9) É manifesto que tal solução tem de ser liminarmente afastada.
10) Em face da fundamentação contextual integrante do próprio acto – no caso, o RIT - o Tribunal não pode substituir-se à AT e ir ponderar se o acto pode ser sancionado com distinta fundamentação ou, como no caso, distinta argumentação jurídica (cf. Acórdão do STA DE 28-10-2020 – Proc. 02887/13.8BEPRT).
11) Ou seja, o acervo dos fundamentos e argumentos a esgrimir em sede de impugnação terão que ser os que constam expressamente do RIT, não podendo o Tribunal ir mais além do que ali ficou dito ou exigido.
12) Em suma, ao Tribunal competia apreciar da legalidade da aplicação do artigo 18º, n.º 9 do CIRC, não podendo substituir-se à AT aceitando, eventualmente, a aplicação do disposto no artigo 45º, desde que a impugnante fizesse a demonstração quantitativa das menos-valias sofridas (ambos os artigos nas redacções vigentes à data dos factos).
13) A liquidação, por via administrativa, das sociedades em que a recorrente detinha participação social, implicou necessariamente uma menos-valia, na medida em que aquela viu abatido o seu activo e, consequentemente, o seu capital próprio, diminuído.
14) Decorre literalmente do n.º 3 do artigo 45 º do CIRC que, contrariamente ao que conclui a Mma.
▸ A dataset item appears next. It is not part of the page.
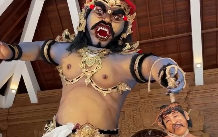 - Kreativitas teknik pewarnaan yang menonjolkan tekstur kulit serta detail busana tradisional pada figur patung raksasa tersebut.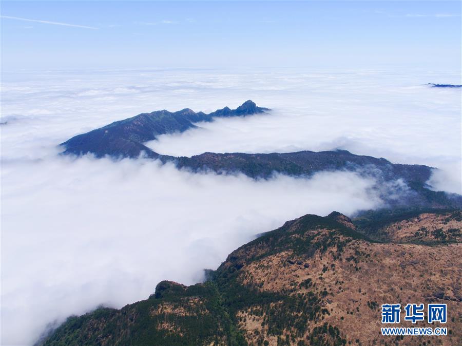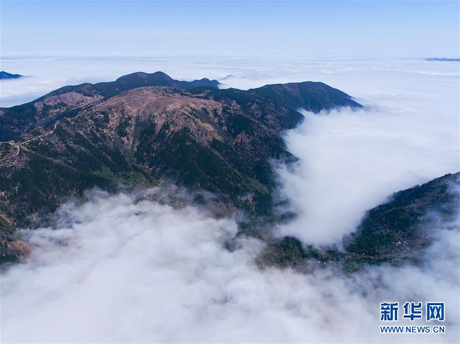 武夷山國家公園最高峰黃崗山云霧繚繞(4月1日攝,無人機(jī)照片)。新華社記者姜克紅攝

Juiz a quo, não são nele incluídas apenas as situações de transmissão onerosa de participações sociais, mas muitas outras como a amortização com redução de capital – como ocorre na liquidação de sociedades – ou outras perdas componentes do capital próprio.
15) Sobre a aplicação do artigo 45º, n.º 3 do CIRC às situações de mais ou menos-valias pela transmissão de participações sociais ou de perdas efectivas decorrentes da sua amortização, já o STA se debruçou amiúde. Diga-se, aliás, que nessas decisões não estava sequer em causa a aplicação daquele dispositivo legal, mas apenas determinar se era de aplicar, ou não, aos casos em concreto, a limitação de 50% decorrente da sua aplicação (veja-se, a título de exemplo, o Acórdão do STA de 10-11-2021 – Proc. 02410/14.7BELRS).
16) O que o aresto - e todos os outros - diz é que, sendo de aplicar o disposto no n.º 3 do artigo 45º, não se aplica a limitação nele prevista quando estão em causa participações sujeitas ao mercado regulado, situações em que não se justifica a aplicação dos 50% previstos naquele dispositivo legal, que existe para limitar situações de abuso e de evasão fiscal.
17) Donde se conclui forçosamente que à recorrente, pelo necessário enquadramento no n.º 3 do artigo 45º do CIRC, teria de ser aplicada a limitação dos 50% nele prevista.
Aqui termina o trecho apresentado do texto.